232 p. : chiefly ill., maps ; 24 cm.
Alison Bechdel has been creating comics for many years for her syndicated Dykes to Watch Out For which has a small but significant following. Her book Fun Home, which had both popular and critical success is likely to bring her work to a much wider audience - something she apparently was not prepared for.
The praise for this work - which calls to mind another standout graphic novel Stitches - is well deserved. It is a rich memoir/graphic novel which is subtle and nuanced as it tells the story of Bechdel's complex, rich, and troubled family of origin - led by parents whose frustrated dreams and repressed sexuality created an intense environment of simmering anger and emotional detachment.
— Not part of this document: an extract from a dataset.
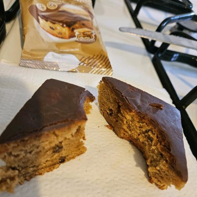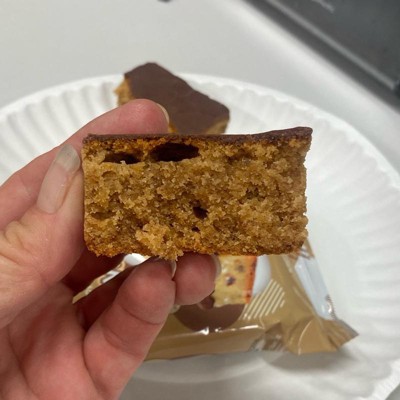 [This review was collected as part of a promotion.] I ate this before I took a picture of it. I shared this with my husband. We both liked it! It tasted sweet enough to be a treat but not too sweet. It has a yummy chocolate layer on one side. To me, It tastes more like a muffin consistency than a brownie. It didn’t taste like protein to me and I love that! I don’t like how heavy protein bars are and this doesn’t taste like that. I’m excited to try the other flavors. I received an incentive to write this review.

The amazing thing about Fun Home is that in addition to illustrating the conflicts and tensions in her home, Bechdel is able to convey what a rich and tangled upbringing she had. Her father and mother were both aspiring intellectuals/artists and much of the power of her work lies in her ambivalence toward the legacy of her family - and her refusal to either condemn or condone the shortcomings of her parents. Her memoir also deserves praise the ways in which it circles around themes and events the story instead of following a singular straightforward narrative and the ways in which she finds echos of her upbringing in film, myths and novels.
I would highly recommend this graphic novel to students who are interested in a multi-layered, complex coming of age stories and family stories dealing with secrets, conflict and even death - since her father's apparent suicide (possibly an accident) is at the heart of this fine work. The novel does deal with some mature emotional and sexual issues, so it might not be suitable for immature readers.